Dear Member of Blavatsky Net,

One reason I admire His Holiness the Dalai Lama is that he summed up his religion in a single word. Tibetan monks at monasteries memorize long sections of text. As part of their training they tradition they practice the art of debating. Yet a single word summary? The Dalai Lama says "My religion is kindness". You can carry that with you.

This sets me wondering how other bodies of religious thought might be similarly summarized.

Sai Baba has a following of millions in the East and the West. He says he is not here to found a new religion and instead directs followers to return to the roots of their original religion. At his compound at Putaparti India, on the top of the tallest building, there is carved a very short saying. If people look up they will see it. In two lines it says "Love all serve all". In only four words he has captured the essence of a guiding rule for the lives of his devotees - perhaps for all of us.

In Christianity we can easily think of the maxim "Love thy neighbor as thyself." A world of behavior is indicated by that rule. Others might choose "Do unto others as you would have them do unto you." We acknowledge its significance by naming it the "golden rule".
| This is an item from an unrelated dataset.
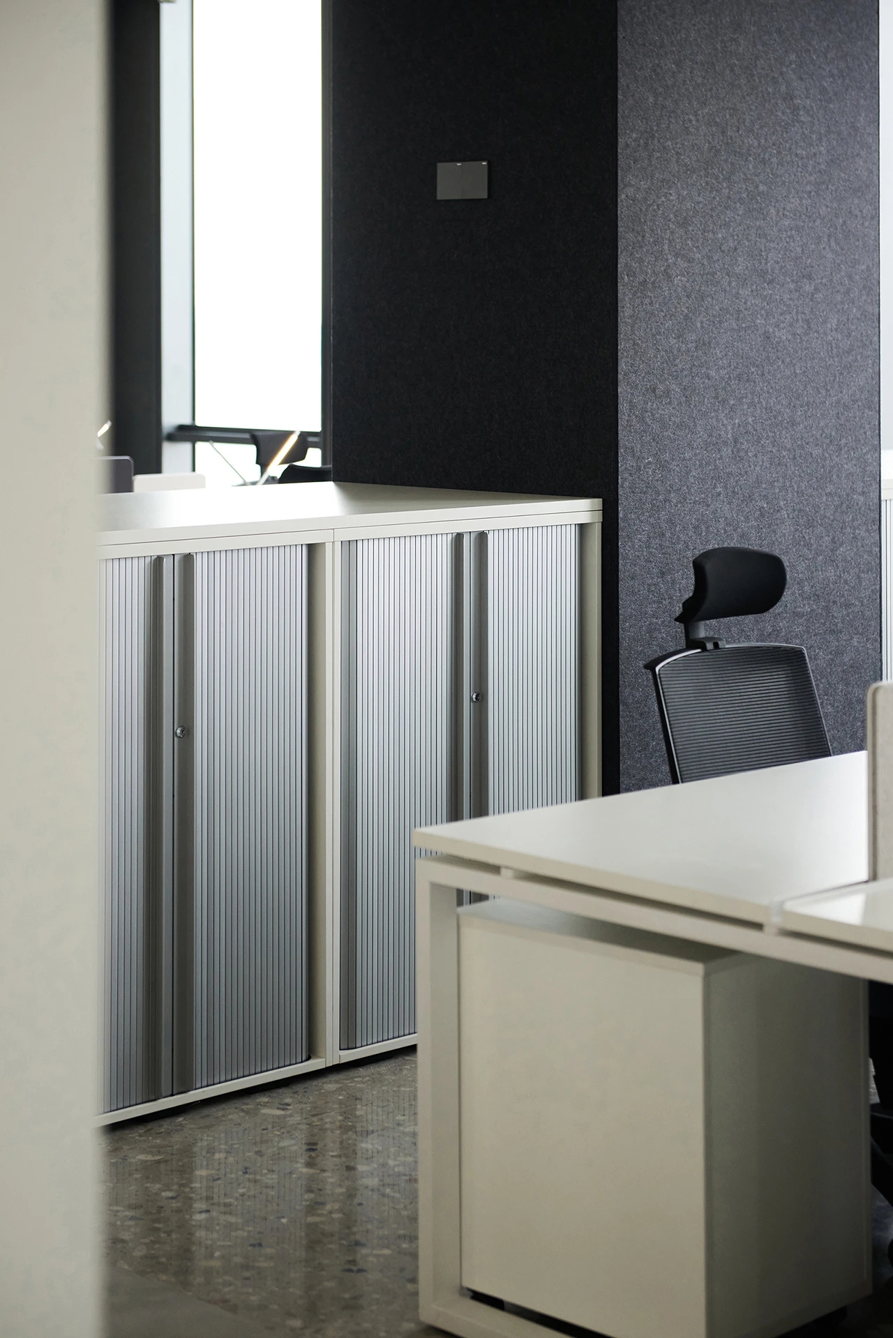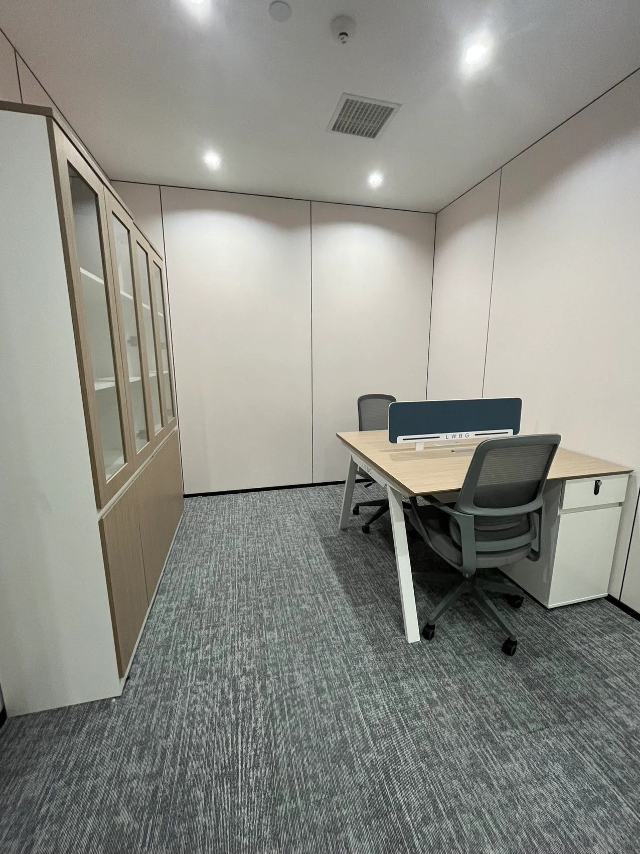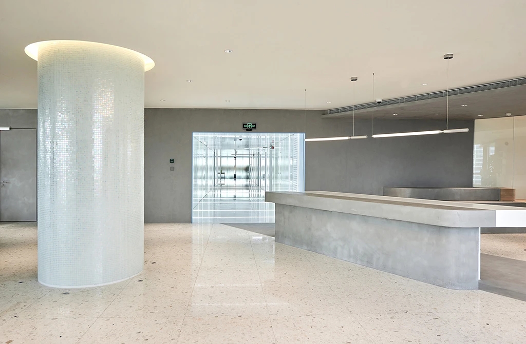 开放办公区地面以过道的微水泥,将两侧的灰色及白色水磨石地砖进行空间区分,电话间以软包进行墙面处理,除了隔音作用外,也能让较小的电话间空间增添舒适感。

In Hinduism there are what are called "five great sentences". Each sentence epitomizes a great truth. Perhaps the greatest of the five great sentences is "Tat twam asi". In English - "That thou art." An admirer of the Hindu Shankaracharya once called this sentence the great identity - the E equals M C squared of religious philosophy. (I guess we each have our own way of describing things.) From this one sentence, if properly understood - and thought out - flow all the moral maxims I have just mentioned.

A choice from Judaism might vary considerably from person to person. One might consider the 10 commandments. Some might choose Hillel's statement that is very similar to the golden rule. My own choice would be a more obscure passage. Psalm xx says, "Lord create in me a clean heart."

And finally we turn to Theosophy. H.P. Blavatsky's works occupy a full bookshelf wide. How can one select a single passage? For myself, I would pick a line from the Voice of the Silence. There she writes "Compassion is the Law of Laws." This is suitable for engraving on one's heart. In only six words it can provide the basic compass for guiding us through life.

What choice would you select?

Reed Carson

"No Religion Higher Than Truth"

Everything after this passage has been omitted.